Relief for Businesses
Business Stimulus provisions of The Worker, Retiree, and Employer Recovery Act of 2008, include:
- Extend bonus depreciation for one year by allowing a taxpayer to depreciate 50% of the cost of an asset in the year in which the asset was acquired (2009).
- Extend elective expensing (section 179) by one year, allowing small businesses to elect, in lieu of depreciation, to deduct up to $250,000 for property acquired and placed into service in 2009.
Other miscellaneous provisions included in the Act are:
- Airline workers whose defined benefit pension plan was terminated or frozen as a result of bankruptcy (filed after September 11, 2001, and prior to January 1, 2007) would be allowed to roll over bankruptcy payments intended to replace lost retirement income to a Roth individual retirement account.

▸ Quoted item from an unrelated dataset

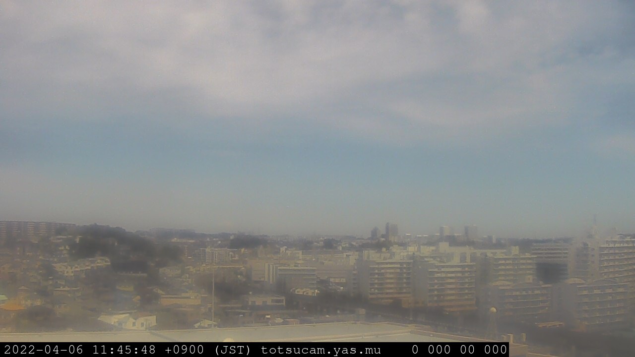 横浜市戸塚駅周辺から 東戸塚方面(北北東)を望む展望カメラの映像です。 左は現在の映像です。 下に並んでいるのは、 7日間に亘る日の出どき、昼間、夕暮れどきの写真(サムネイル)です。 それぞれ、日の出15分前、南中時、日没20分後の写真となっています。 各写真の下にはmpeg形式の動画へのリンクがあります。 それぞれ、日の出、南中、日没の前後1時間の画像です。 右欄にはその日24時間の動画へのリンクがあります。 この7日間以外は日付が一覧表示されています。 日付部分をクリックすると、 その日付から7日分が展開されて表示されます。

- Small defined benefit plans would be required to determine the value of lump sum distributions not in excess of the Internal Revenue Code section 415 limit using a fixed 5.5% interest rate, instead of the greater of the 5.5% rate or 105% of the corporate bond yield curve rate.
- Governmental retirement plans that credit a plan participant’s account balance with a specified interest rate would be permitted to use a rate that exceeded the “market rate of return” (as defined by the Treasury Department), provided the governmental plans’ interest rate was set by Federal, State, or local law.
- A plan established by a state or local government to reimburse certain medical care expenses incurred by state or local government employees on a tax-free basis will not lose this favorable tax treatment merely because the plan provides for reimbursements of medical care expenses incurred by a deceased plan participant’s non-spouse/non-dependent beneficiary.
- The penalty that is in effect for the failure to file an S corporation tax return will be increased by $4.
- The penalty that is in effect for the failure to file a partnership tax return will be increased by $4.
- The value of a plan’s assets may be adjusted for contributions, distributions, and expected earnings with a cap on expected earnings equal to the third segment rate of the yield curve.
- For purposes of the Internal Revenue Code and ERISA, a governmental plan is defined as including a plan established or maintained for its employees by an Indian tribal government, subdivision or agency of an Indian tribal government, or an entity established under Federal, State or tribal law which is wholly owned or controlled by an Indian tribal government, subdivision, or agency of an Indian tribal government.